You will be part of our Data Science team, responsible for developing, maintaining and evolving analytical solutions and machine learning models that support multiple business areas.
We operate in a collaborative environment with a strong engineering culture, a focus on data quality, and continuous improvement.
In this project, you will play a strategic role in migrating integrations, pipelines and data consumers currently running on AWS to the GCP ecosystem, ensuring operational continuity, reliability and adherence to data engineering and machine learning best practices.
Perform the migration of connections, pipelines and data consumption processes from AWS to GCP for the company's Data Science projects.
Adapt queries, integrations and data processing routines to run in the GCP environment, taking into account differences between services and SQL dialects.
Execute functional tests, consistency validations and data sign-off after migration processes.
Support the migration of analytical workloads and machine learning pipelines to equivalent services within the GCP ecosystem.
Work closely with data engineering, architecture and MLOps teams to ensure stability and efficiency of migrated solutions.
Identify and resolve issues related to performance, compatibility and governance during the cloud transition.
Document technical processes, data flows and architectural decisions related to the migration.

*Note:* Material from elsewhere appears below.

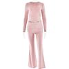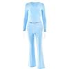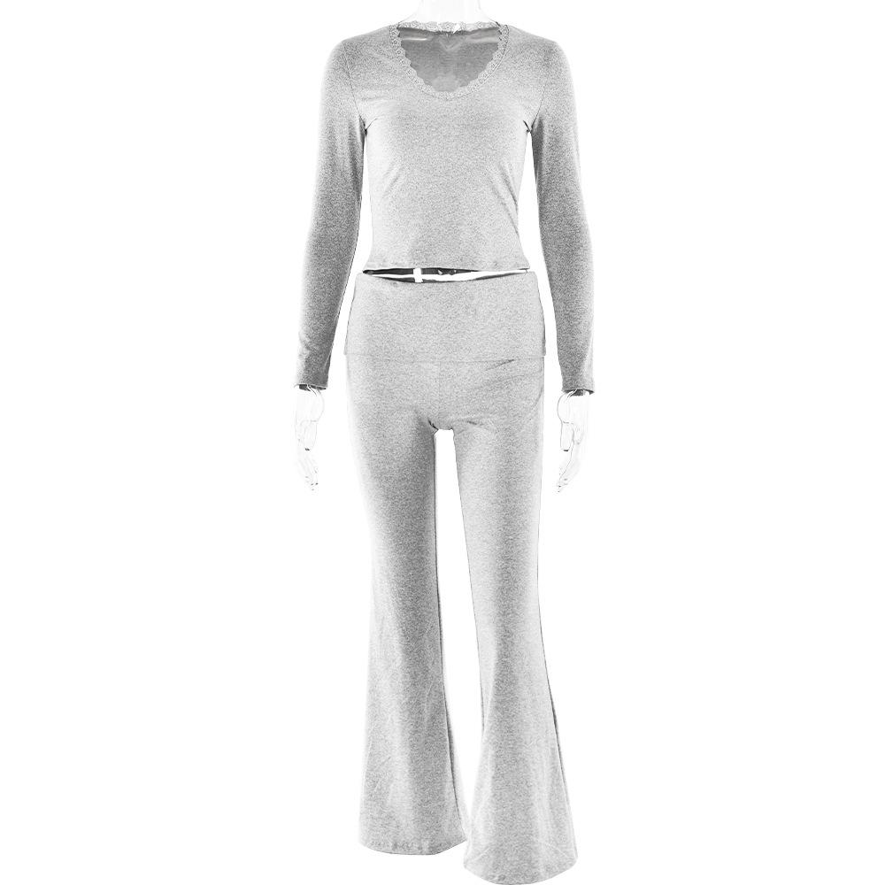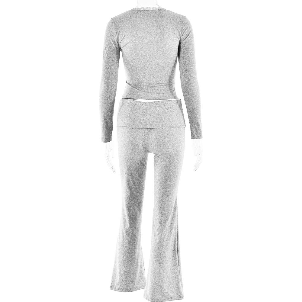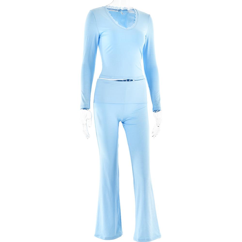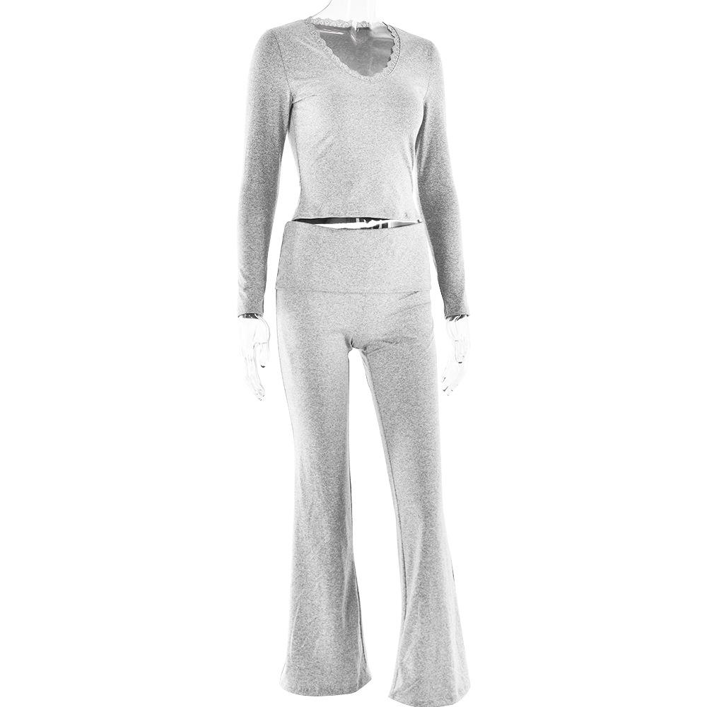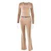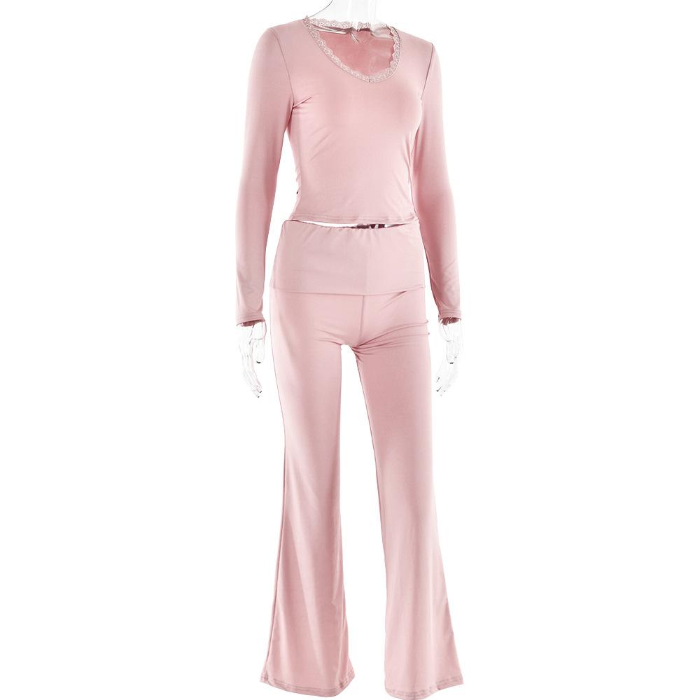 Traje Nuevo Más Vendido de Exportación Europea y Americana 2025 Sexy Slim Color Puro Cuello en V Ombligo Descubierto Pantalones Slim Conjunto de Dos Piezas para Mujer

Contribute to standardization, automation and quality improvements in pipelines and analytical processes.
Requirements
Strong experience as a Data Scientist or Machine Learning Engineer in production environments.
Hands-on experience with cloud environments, especially AWS and GCP.
Advanced SQL skills for adapting and optimizing queries.
Experience with data manipulation and processing using Python.
Experience with data pipelines and integrations across different cloud services.
Experience with testing and validating data consistency during migration processes.
Knowledge of analytics and data services in AWS and GCP.
Ability to work autonomously on complex technical problems.
Good communication skills and ability to interact with multidisciplinary teams.